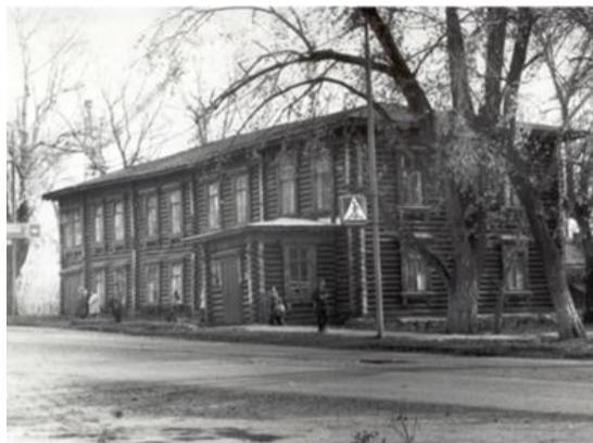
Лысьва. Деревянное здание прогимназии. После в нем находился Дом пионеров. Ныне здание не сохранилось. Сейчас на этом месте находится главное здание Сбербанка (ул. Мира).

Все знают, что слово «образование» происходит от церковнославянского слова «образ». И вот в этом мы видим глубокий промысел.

==

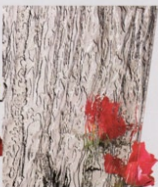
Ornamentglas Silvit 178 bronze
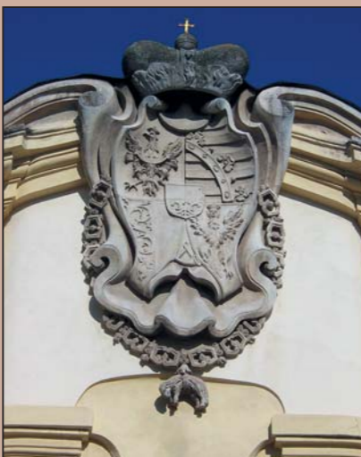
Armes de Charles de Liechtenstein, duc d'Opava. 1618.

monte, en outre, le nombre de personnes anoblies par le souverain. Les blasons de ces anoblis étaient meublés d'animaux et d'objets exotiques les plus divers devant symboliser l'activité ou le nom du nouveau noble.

* * *

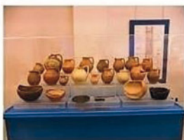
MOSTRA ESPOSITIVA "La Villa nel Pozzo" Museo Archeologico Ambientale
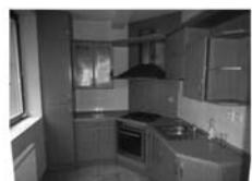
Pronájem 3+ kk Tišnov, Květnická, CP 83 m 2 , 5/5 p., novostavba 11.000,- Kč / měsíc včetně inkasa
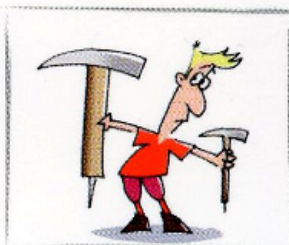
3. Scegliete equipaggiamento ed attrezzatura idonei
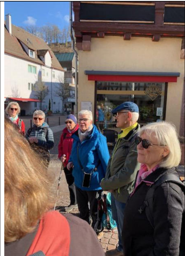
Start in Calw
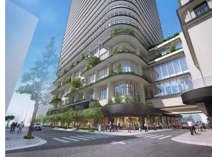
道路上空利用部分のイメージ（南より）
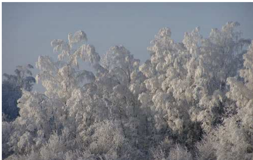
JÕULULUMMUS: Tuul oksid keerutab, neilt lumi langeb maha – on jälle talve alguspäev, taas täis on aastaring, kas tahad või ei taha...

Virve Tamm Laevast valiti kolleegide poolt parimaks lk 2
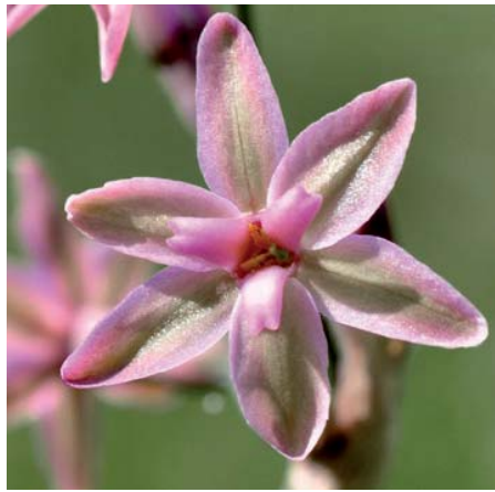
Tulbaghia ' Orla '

* What is needed: Would you set down only the lines above from the line with "Museo Archeologico Ambientale" to the line with "Virve Tamm Laevast", both included, exactly as they stand and without the pictures?

* Result:
MOSTRA ESPOSITIVA "La Villa nel Pozzo" Museo Archeologico Ambientale
Pronájem 3+ kk Tišnov, Květnická, CP 83 m 2 , 5/5 p., novostavba 11.000,- Kč / měsíc včetně inkasa
3. Scegliete equipaggiamento ed attrezzatura idonei
Start in Calw
道路上空利用部分のイメージ（南より）
JÕULULUMMUS: Tuul oksid keerutab, neilt lumi langeb maha – on jälle talve alguspäev, taas täis on aastaring, kas tahad või ei taha...

Virve Tamm Laevast valiti kolleegide poolt parimaks lk 2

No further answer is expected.